Editor’s note: African-Startups is a sister publication of EU-Startups, bringing trusted coverage of startups, venture capital, and innovation across Africa.
South African FinTech firm Yoco has acquired Dyner.ai, an AI-native operating system built for restaurants and independent businesses. While the financial terms of the deal were not disclosed, the transaction marks a significant step in the payments company’s evolution into a broader commerce platform.
“What drew us together was a shared belief about the future of independent businesses and the people behind them,” said Carl Wazen, co-founder and chief business officer of Yoco.
The acquisition of Dyner.ai by Yoco hinges on a common conviction that independent businesses deserve the same quality of technology and intelligence historically available only to large enterprises.
Dyner was co-founded by Thalentha Ngobeni and Christopher du Plessis, both actuaries who previously worked at Discovery, within Adrian Gore’s Office and Discovery Invest respectively. Before turning their analytical skills toward a very different kind of problem, the two founders spent extensive time embedded inside restaurant environments, sitting with owners, observing teams during dinner rushes, and fielding late-night calls about invoices, gross profit margins, and operational issues that customers never see.
Their solution to this challenge was an AI-native platform that gives restaurant owners greater visibility and control over their businesses. In other words, a platform that helped with handling stock counts, supplier coordination, margins, and day-to-day reporting.
On LinkedIn, Ngobeni described the company’s founding logic: independent businesses deserve access to the same world-class technology that enterprises rely on, built around real-world problems rather than assumptions.
Wazen adds that several Dyner customers, including Plato Coffee, were already Yoco merchants, which he argues, “made the alignment feel incredibly natural from the beginning.”

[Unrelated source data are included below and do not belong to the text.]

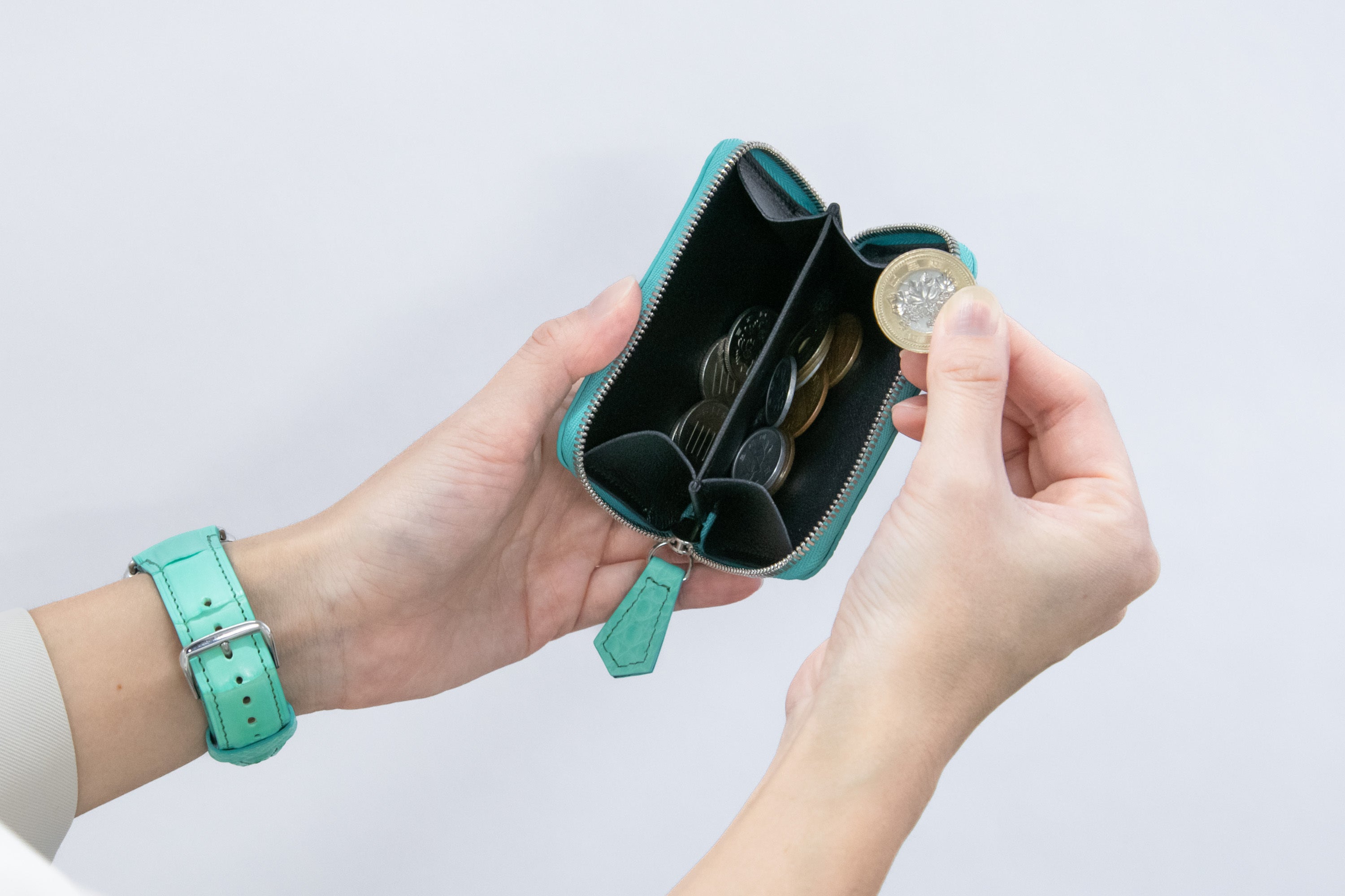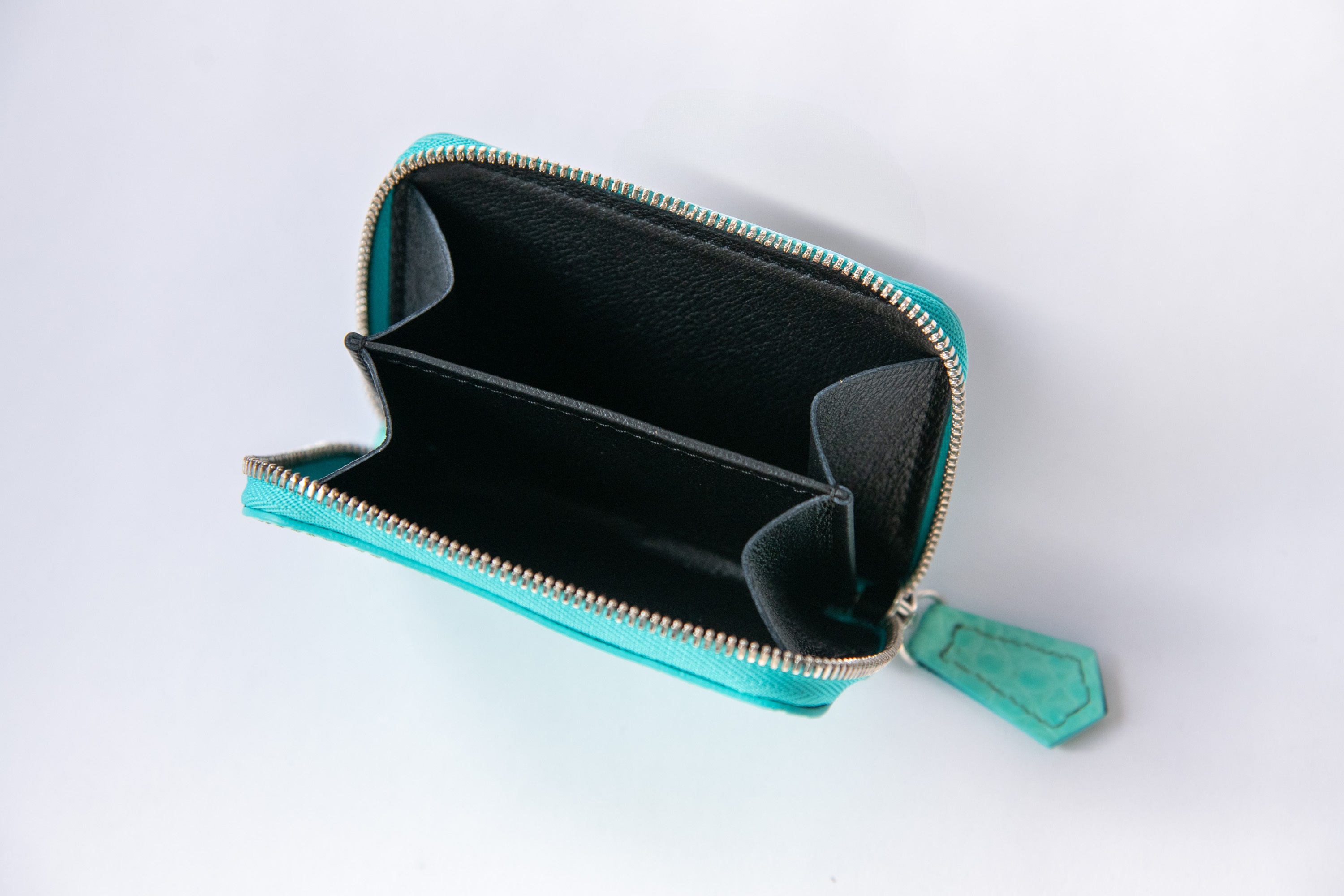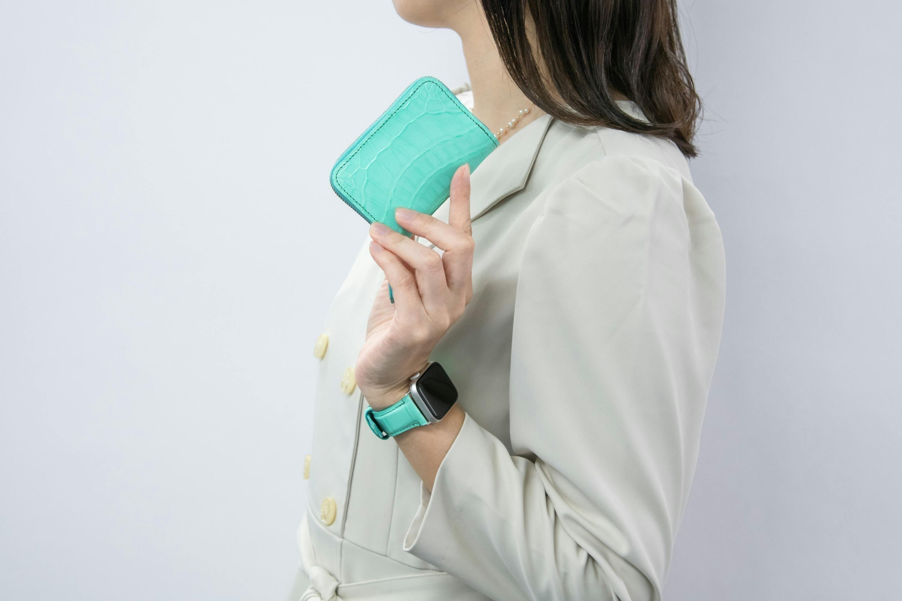 そんなシャイニークロコダイルを存分に楽しんでいただくため、同じ革で作ったコインケースもオプションでご用意しております。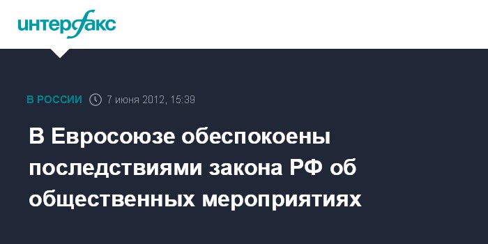 Брюссель. 7 июня. INTERFAX.RU - Евросоюз принял к сведению одобрение двумя палатами Федерального Собрания России проекта закона, предусматривающего значительное увеличение штрафов и различные меры наказания за нарушения во время общественных мероприятий, в том числе демонстраций, заявила официальный представитель главы европейской дипломатии Майя Коцьянчич.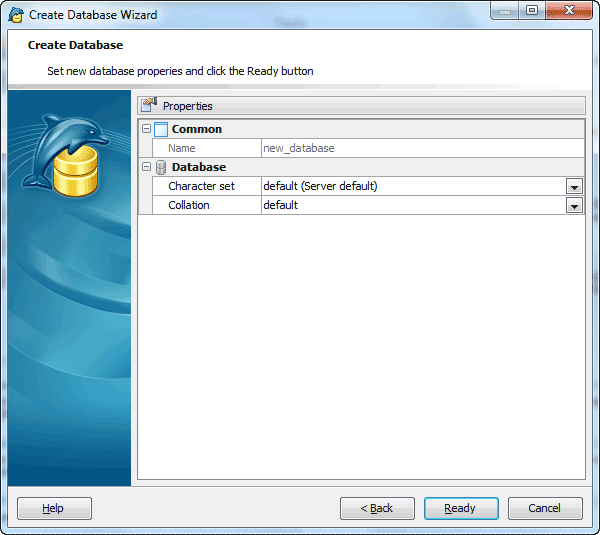 The next wizard step allows you to set common database options. All fields below are optional, i.e. it is not obligatory for you to fill them.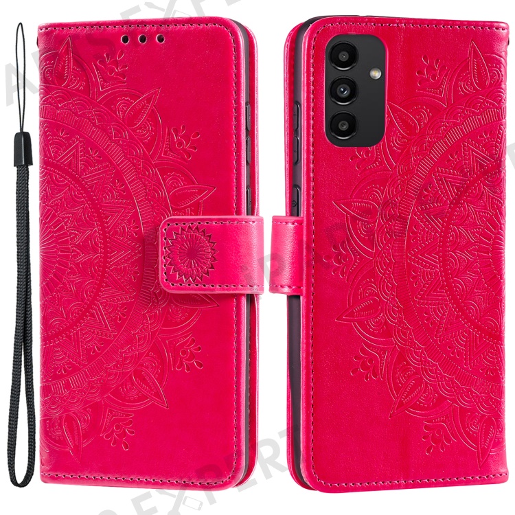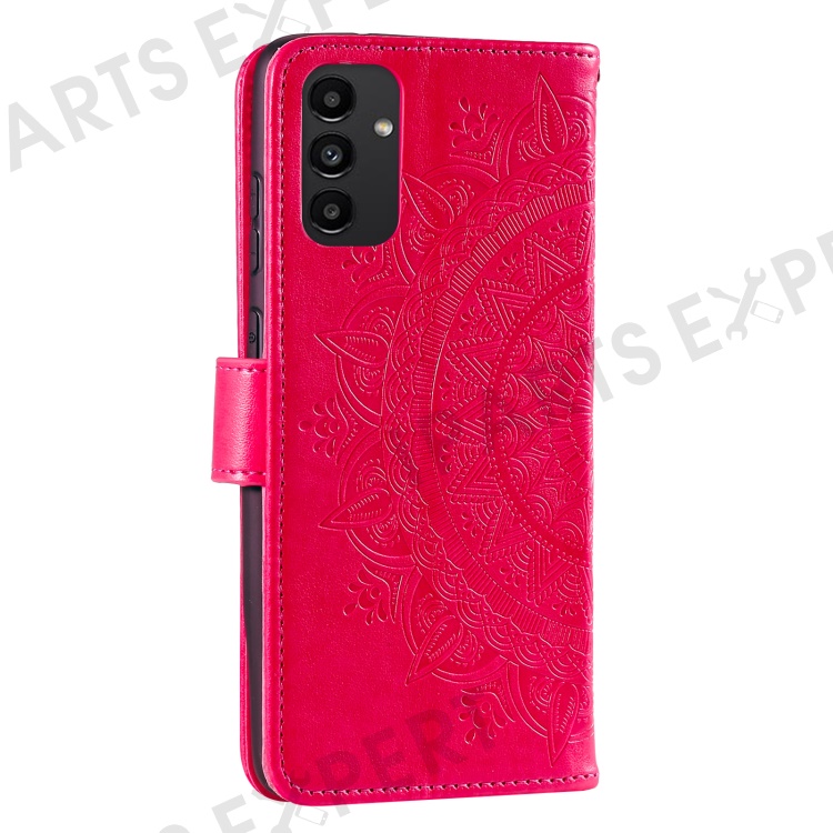 For Samsung Galaxy A13 4G Shockproof Wallet Stand Design Imprinted Mandala Flower PU Leather Phone Flip Cover Case - Red
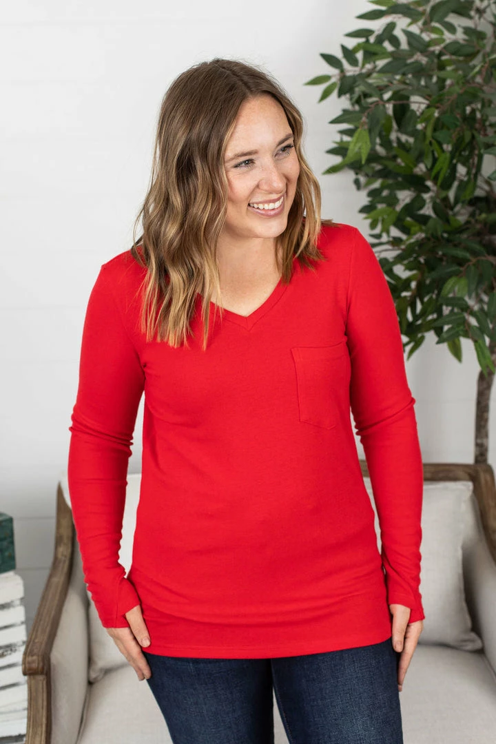 The perfect long sleeve pocket top! Amazing fabric that is warm and sure to keep you cozy during the cooler weather. These also make the perfect pairing for any vest and are super easy to layer! The are VERY soft and stretchy too, plus they have a front pocket as well as thumbholes – which we think is the perfect combination!
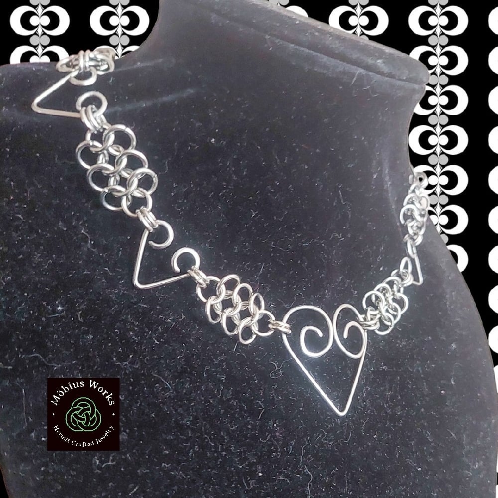 European 4 in 1 weave connected to some handmade hearts. 100% stainless

The acquisition is also a deliberate strategic shift for Yoco. The company, which has helped more than 200,000 merchants across South Africa accept digital payments, sees AI as the next big frontier for small businesses. The company believes it can bring the same democratisation it delivered in payments to operational intelligence next.
“Just as we helped democratise access to digital payments, we see a similar opportunity with AI,” said Wazen. “We want independent businesses to have access to the same quality of tools, intelligence and infrastructure as the world’s largest companies, but built for their unique realities and workflows.”
According to Yoco’s blogpost, Dyner will continue operating as a standalone platform in the near term, with the team building independently while progressively integrating go-to-market, operational, and support functions into Yoco’s wider ecosystem. For Dyner’s founders, the immediate goal is to leverage Yoco’s infrastructure and merchant network to accelerate AI adoption across its base of over 200,000 merchants and beyond.
Both founders will remain with the company. On LinkedIn, Ngobeni said he and du Plessis will join Yoco to continue building and scaling Dyner, adding: “This is nothing but the beginning of years of building cutting-edge technology for merchants across South Africa and beyond.”
“Most business owners didn’t start their business because they love admin or operational complexity,” Wazen wrote. “They started it because they love creating something meaningful for people. Great technology should give them more time to focus on that part.”